In the edition of Path TV, Avinash Conda and Michael Stearne discuss XML sitemaps: What are they, what are they for and who cares!?
An XML sitemap is a necessary aspect to your website as it provides search engines a more efficient way to crawling your site. Essentially, a site map is a plain text file that sits on your server and provides search engines a list of all the pages that sit on your website. Rather than having a search engine crawl your site and eventually find those landing pages, a sitemap is a more efficient way to direct a search engine to your site. How can an XML sitemap improve your indexation? Google uses the data in your sitemaps to learn about your site’s structure and may use them as a factor in determining the canonical version of your URL.
Without an XML sitemap, Google or other search engines will have to organically crawl your website and hopefully locate the pages on your site. Avinash also adds that the one limitation of the sitemap is you can only provide it with 50,000 URLS. Sites such as Amazon, or Zappos are forced to create a sitemap index, which is essentially a sitemap within a sitemap. This entails making sitemaps for all of the products and placing those sitemaps in the sitemap index. Eventually, your sitemap index will point to your sitemaps which will point to your website.
To learn more about SEO tips and best practices, follow the Path Interactive blog.
0:13 Michael Stearne – Hello and welcome another exciting edition of Path TV.
0:15 I am your co-host Michael Stearne and this is my co-host Avinash Conda.
And we wanted to talk today about XML sitemap. What are they? What are they for? Who cares?
0:35 Avinash Conda – Who care; the search engine care. Alright what are XML sitemap; they are nothing but an index to your website.
4:47 Who looks at them? The search engines do. If you have like hundred pages you want search engines to index all of those pages. You create a sitemap; tell the search engines that this is the index to my website. So that’s the definition of XML sitemap.
1:05 Michael Stearne – So if you go to sitemap.org or sitemaps.org either one of them, there is specification there that defines what should be in the sitemap.
1:19 Sitemap is simply a plain text file that’s in your server that gives Google or Bing or yahoo or whatever search engine a list of all the detail that exist in your website.

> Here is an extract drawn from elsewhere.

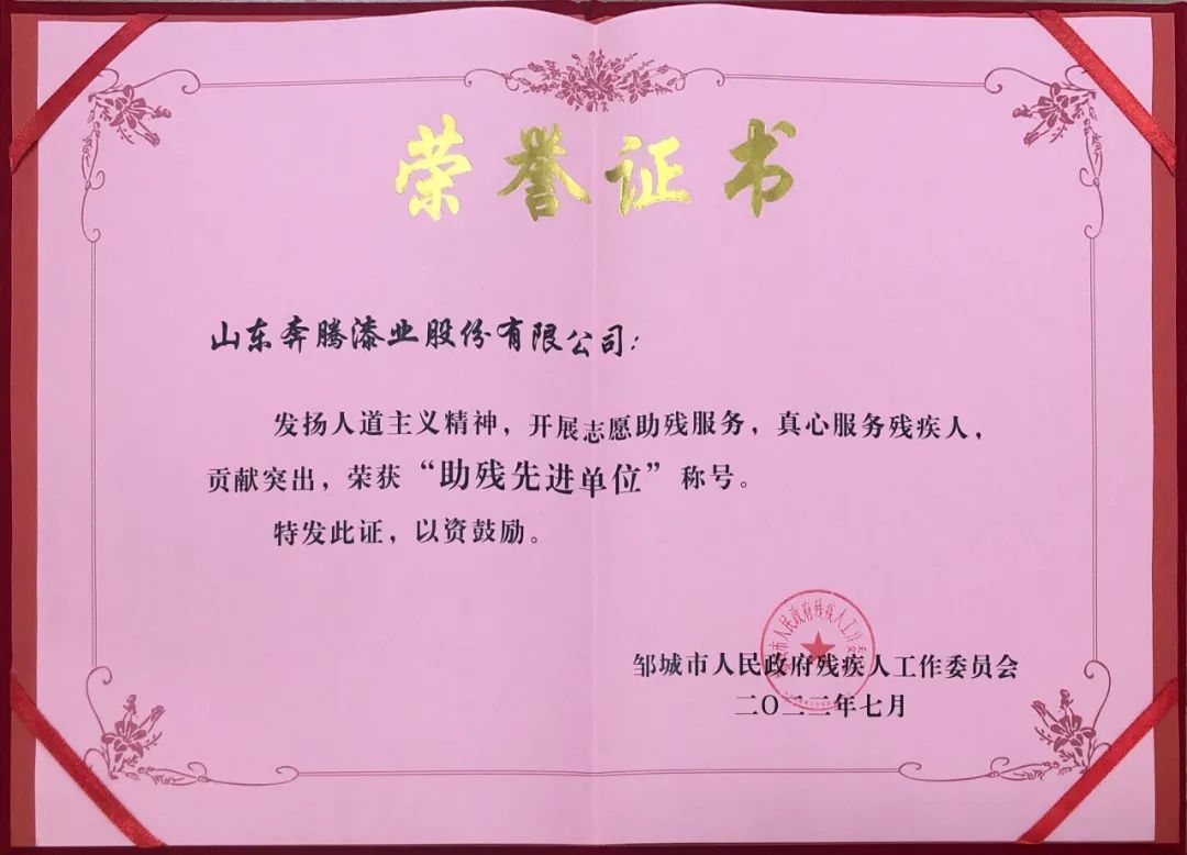 榮譽|山東奔騰漆業股份有限公司榮獲“鄒城市愛心助殘先進單位”榮譽稱號

1:38 So if there is no explicit list like this, Google will have to organically sort of crawl around your website and hopefully find every single page that’s in your site.
1:50 Giving Google a XML sitemap directly helps in to exactly know what you want to be indexed quicker and more efficiently than if they were just crawling around the website.
2:05 Avinash Conda – Yeah and there is actually few limitations for sitemap that you can give-in only fifty thousand URls. There is a size limit. It’s 10 MB.
2:20 You can’t go over than 10MB per sitemaps. So what about this huge site with like millions of pages like Amazons and all?
2:28 They actually have something called sitemap index which is an index for the sitemaps. So you have first suppose product in ten different categories than you can have millions of product in each different category.
2:45 You make different sitemaps for all of the products. Segregate them with a good naming convention and put all of that in sitemap-index saying sitemap one is this, sitemap 2 is this and sitemap three is this.
3:00 So basically you can have a sitemap-index which then points to a sitemap which than points to your URLs. Because we have that 10MB limit each sitemap-index can index around 2.5 billion URLs which is really huge.
3:17 Michael Stearne – Oh, its 10 megabytes per sitemap in total?
3:24 Avinash Conda – No 10 megabyte per site map, so a sitemap-index is again a sitemap which again accommodates 10 megabyte. So basically 10 megabyte of fifty thousand URLs pointing to another fifty thousand….
3:39 Michael Stearne – Pointing to thousands of other sitemaps up to fifty thousand other sitemaps.
3:45 Avinash Conda – Yeah, fifty thousand and fifty thousand gives you 2.5 billion. So that’s the limit you can get.
3:53 Michael Stearne – So that’s the total addressable namespace for all sitemaps for a domain, for all URLs of a domain. So I guess the search engine will only index 2.5 billion pages.
4:06 Avinash Conda – No the search engine will index more.
4:11 Michael Stearne – Yeah we can only give them 2.5 billon.
4:12 Avinash Conda – per sitemap-index.
4:14 Michael Stearne – But you can have one level of sitemap-index. Correct?
4:19 Avinash Conda – Well we can have to more than that.
4:20 Michael Stearne – So if you have more than 2.5 billion pages on your site. You should be watching more advance videos.
4:41 But that is a start as to what is a sitemap for and why you can go through the trouble to really get Google and Bing more aware of pages on your site without having them to organically crawl and try to find their way around your site from a page.
5:00 That’s about it.
5:03 And Avinash with his brand new sign-off. Don’t you have a sign-off?
5:08 Avinash Conda – I don’t have. Thank you for watching whenever you are watching whether it is good morning, good evening or goodnight. Thank you.